Meeting of the Parliament 01 December 2015
I accept the minister’s explanation but, having sat all day yesterday waiting to get the response, I would probably have been better just to ignore the information that came in. I am just making a general point on an issue that I feel quite strongly about.
Part 1 was generally accepted by witnesses, as the proposed controls and restrictions on the sale of nicotine vapour products such as e-cigarettes more or less mirror the current statutory restrictions on the sale of tobacco products. On balance, I think that that is sensible because, although it is accepted that NVPs do not have the same harmful effects on health as tobacco, the evidence base on long-term harm is still developing. Therefore, a proportionate and balanced approach to their availability for sale seems wise, although they undoubtedly have a place as a smoking cessation tool, alongside trained support.
The committee was concerned, however, that, due to the current cost and complexity of registering an NVP as a medicinal product, it is unlikely that many will be registered as such, which puts into question their use as smoking cessation aids. I hope that the industry will pursue that matter further with the Medicines and Healthcare Products Regulatory Agency.
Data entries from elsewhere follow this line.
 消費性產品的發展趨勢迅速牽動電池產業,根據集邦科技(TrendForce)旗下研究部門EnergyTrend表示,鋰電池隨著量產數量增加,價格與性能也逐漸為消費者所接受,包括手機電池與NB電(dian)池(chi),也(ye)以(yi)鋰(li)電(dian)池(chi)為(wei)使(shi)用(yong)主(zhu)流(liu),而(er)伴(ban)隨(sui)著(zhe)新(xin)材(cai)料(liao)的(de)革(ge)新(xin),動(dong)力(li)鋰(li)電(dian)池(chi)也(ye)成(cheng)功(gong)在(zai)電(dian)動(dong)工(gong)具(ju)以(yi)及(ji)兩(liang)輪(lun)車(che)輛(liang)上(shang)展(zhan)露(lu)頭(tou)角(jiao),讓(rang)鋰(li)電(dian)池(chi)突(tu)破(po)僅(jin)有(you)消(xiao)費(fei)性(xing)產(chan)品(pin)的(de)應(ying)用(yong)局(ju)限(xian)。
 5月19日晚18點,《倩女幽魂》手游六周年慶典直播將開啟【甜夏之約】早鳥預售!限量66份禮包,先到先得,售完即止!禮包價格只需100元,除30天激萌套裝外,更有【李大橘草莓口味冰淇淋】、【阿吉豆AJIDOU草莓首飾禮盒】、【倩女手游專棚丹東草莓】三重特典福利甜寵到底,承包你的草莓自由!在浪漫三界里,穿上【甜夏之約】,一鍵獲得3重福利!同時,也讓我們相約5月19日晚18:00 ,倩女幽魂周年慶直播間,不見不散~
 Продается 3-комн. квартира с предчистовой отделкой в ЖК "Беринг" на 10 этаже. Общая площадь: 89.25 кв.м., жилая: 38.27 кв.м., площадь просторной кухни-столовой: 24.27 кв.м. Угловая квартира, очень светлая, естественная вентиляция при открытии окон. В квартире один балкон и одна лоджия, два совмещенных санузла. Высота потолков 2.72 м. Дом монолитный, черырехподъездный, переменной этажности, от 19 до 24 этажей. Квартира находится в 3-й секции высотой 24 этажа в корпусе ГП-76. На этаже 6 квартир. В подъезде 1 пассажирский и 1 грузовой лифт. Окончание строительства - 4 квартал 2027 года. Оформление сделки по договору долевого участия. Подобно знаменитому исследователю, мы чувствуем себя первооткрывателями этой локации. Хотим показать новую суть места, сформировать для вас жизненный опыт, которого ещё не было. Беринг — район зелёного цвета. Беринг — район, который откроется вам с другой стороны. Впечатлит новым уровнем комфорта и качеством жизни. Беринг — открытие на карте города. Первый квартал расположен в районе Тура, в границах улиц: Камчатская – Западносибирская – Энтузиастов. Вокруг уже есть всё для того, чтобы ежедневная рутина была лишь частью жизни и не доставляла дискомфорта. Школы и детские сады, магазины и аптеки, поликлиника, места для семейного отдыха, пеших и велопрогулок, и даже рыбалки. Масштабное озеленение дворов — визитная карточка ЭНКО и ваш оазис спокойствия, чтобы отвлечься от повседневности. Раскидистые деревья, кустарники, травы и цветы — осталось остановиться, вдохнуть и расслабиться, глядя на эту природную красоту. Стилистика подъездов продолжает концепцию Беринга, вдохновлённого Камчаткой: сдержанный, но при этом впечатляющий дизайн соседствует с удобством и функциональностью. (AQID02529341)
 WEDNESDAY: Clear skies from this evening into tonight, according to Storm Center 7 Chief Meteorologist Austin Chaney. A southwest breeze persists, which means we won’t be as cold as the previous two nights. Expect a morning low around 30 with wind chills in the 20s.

It is prudent that retailers should have to register their intention to sell NVPs, although there might be some on-going disagreement about whether there should be separate registers for the two types of product, with one register that includes tobacco and NVP retailers, as the bill stipulates, or, indeed, one register that covers those who sell any age-restricted products, as tentatively suggested by the committee. The Government intends to provide a clear separation between NVPs and tobacco products on the website where the register is held. That is because, as I said, on current evidence, the former are considerably safer than tobacco. I think that that approach will be welcomed.
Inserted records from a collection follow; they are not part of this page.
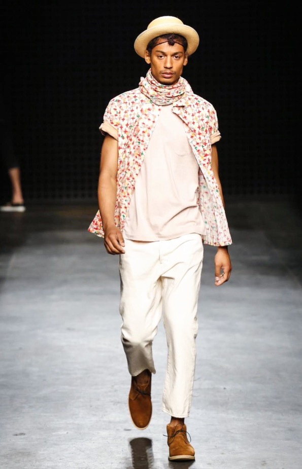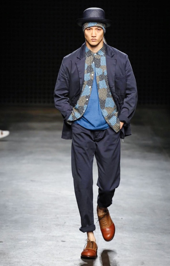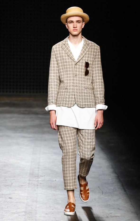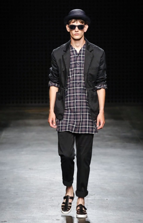 What was interesting, then, about YMC‘s show was how their new season’s vision followed that same language. Well into their third decade, YMC are part of the establishment here – but an establishment formed in the radical heat of the Nineties, which started many of London’s ongoing conversations around the modern masculine wardrobe. Their show notes explicitly referenced oriental work-wear; but unlike, say, Green’s work, the garments that circled the Sorting Office runway (round columns boxed out with heavy black grids) incorporated that influence far more delicately.
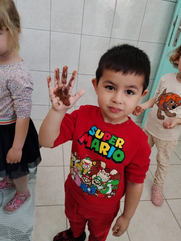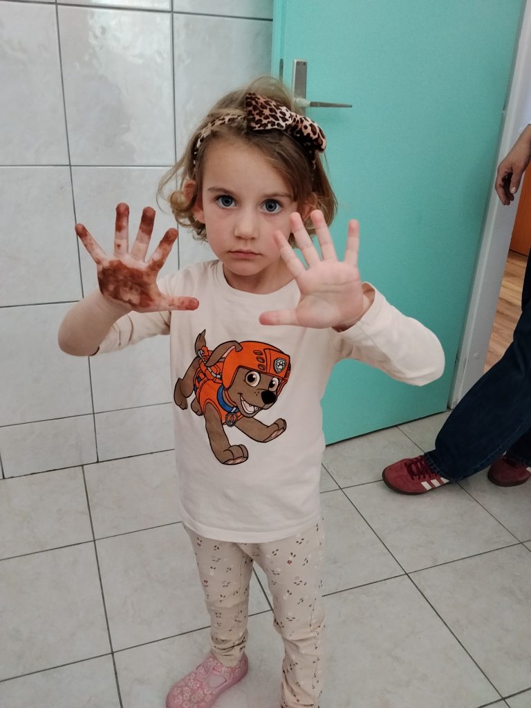 Kako bismo im na zabavan način pokazali koliko se bakterije, iako ih ne vidimo, lako prenose s osobe na osobu, proveli smo mali pokus koristeći čokoladni namaz te kroz rukovanje pokazali kako se “nečistoća” brzo prenosi s ruke na ruku.
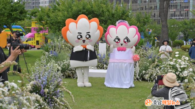 ƯÈ÷, ±¤ÁÖ±¤¿ª½Ã ´ëÇ¥ ij¸¯ÅÍÀÎ ¡®ºûµ¹ÀÌ¡¯¿Í ¿©ÀÚÄ£±¸ÀÎ ¡®ºû³ª¿µ¡¯ÀÇ °áÈ¥½ÄÀ» Å׸¶·Î ±¸¼ºµÈ ÆÛ·¹À̵尡 ½Ã¹ÎµéÀÇ Å« È£ÀÀÀ» ¾ò¾ú´Ù. ij¸¯Å͵éÀº Çϰ´À¸·Î Âü¼®ÇØ °áÈ¥ ÃàÇÏ ÆÛÆ÷¸Õ½º¸¦ ÆîÃÆÀ¸¸ç, ÀÌ»öÀûÀÎ Àå¸é¿¡ ÇöÀåÀ»Ã£Àº ½Ã¹Î°ú ¾î¸°À̵éÀÇ ¶ß°Å¿î ¹ÝÀÀÀÌ À̾îÁ³´Ù.

With regard to banning smoking in hospital grounds, it is right to introduce enforceable legislation because, although most if not all health boards already forbid smoking on their premises, and most people respect that, it is not a statutory requirement. As the bill progresses through Parliament, there is likely to be further debate on whether the enforceable ban on smoking should be a ban in an area that is defined by regulation as the same distance from hospital buildings for all hospital grounds, as proposed by the Government, or an area that is defined by each health board specifying its own legally enforceable perimeter, as suggested by the committee. There is also discussion to be had about possible exemptions, particularly for mental health patients.
As I said at the outset, the general principles in part 1 seem to be acceptable to most people who have engaged with the committee. Parts 2 and 3 are more controversial, with the Law Society of Scotland, the British Medical Association and the Royal College of Nursing among those who have expressed reservations. Those who are opposed to the duty of candour do not think that legislation is the way to create a culture of openness in the NHS and they emphasise that there are already requirements to be honest with patients about their treatment and any failings that occur. They feel that an apology for shortcomings is more meaningful if it is given spontaneously rather than as the result of a legally enforced duty.
Also, because harm in this context is not specifically defined, they feel that the duty is too broad and could encompass very minor events that it is not intended to cover.